Buckaroo, who I daresay has never forgotten a single face of the millions he has known, assented instantly. “Of course,” he replied. “Last year at the desert survival school.” The man nodded. “Your name . . . don’t tell me. It’s something unusual,” Buckaroo said, and after a moment he remembered. “Casper?”

“Casper Lindley,” said the man, astounded at Buckaroo’s memory. “That’s amazing.”

“Why?” Buckaroo asked simply. “You remembered me.”

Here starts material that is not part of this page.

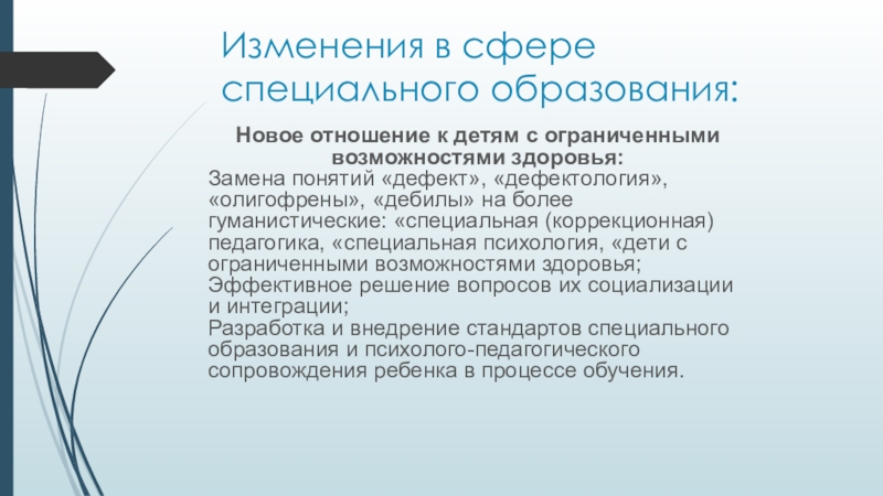 Замена понятий «дефект», «дефектология», «олигофрены», «дебилы» на более гуманистические: «специальная (коррекционная) педагогика, «специальная психология, «дети с ограниченными возможностями здоровья;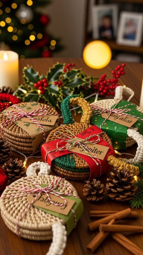 If you loved the portability of the Braided Handle Mug Coaster, you’ll appreciate how the Holiday Gift-Tagged Coaster Set pairs handmade charm with ready-to-wrap presentation.

That is the kind of man B. Banzai is. If Casper had not reported to me their exchange, I am certain Buckaroo would not have seen fit to mention it to me because he would have not thought the recollection of a man’s name at all remarkable. Never mind for a moment the fact there were at last count better than six thousand Blue Blaze irregulars world wide—men, women, and children who subscribe to the Blue Blaze newsletter; who attend selected symposia at the Banzai Institute, who submit their bodies periodically to rugged physical training at such places as the desert survival school in Nevada, the mountaineering school in Alaska, and a half dozen others around the globe; who are required yearly to make certain educational advancements; who are “on call” twenty-four hours a day to help B. Banzai in a pinch, or their neighbors in a natural disaster—it was only to be expected, B. Banzai would tell you, that he had committed to memory most, if not all, of their names. Blue Blazes were, after all, ordinary and yet extraordinary people.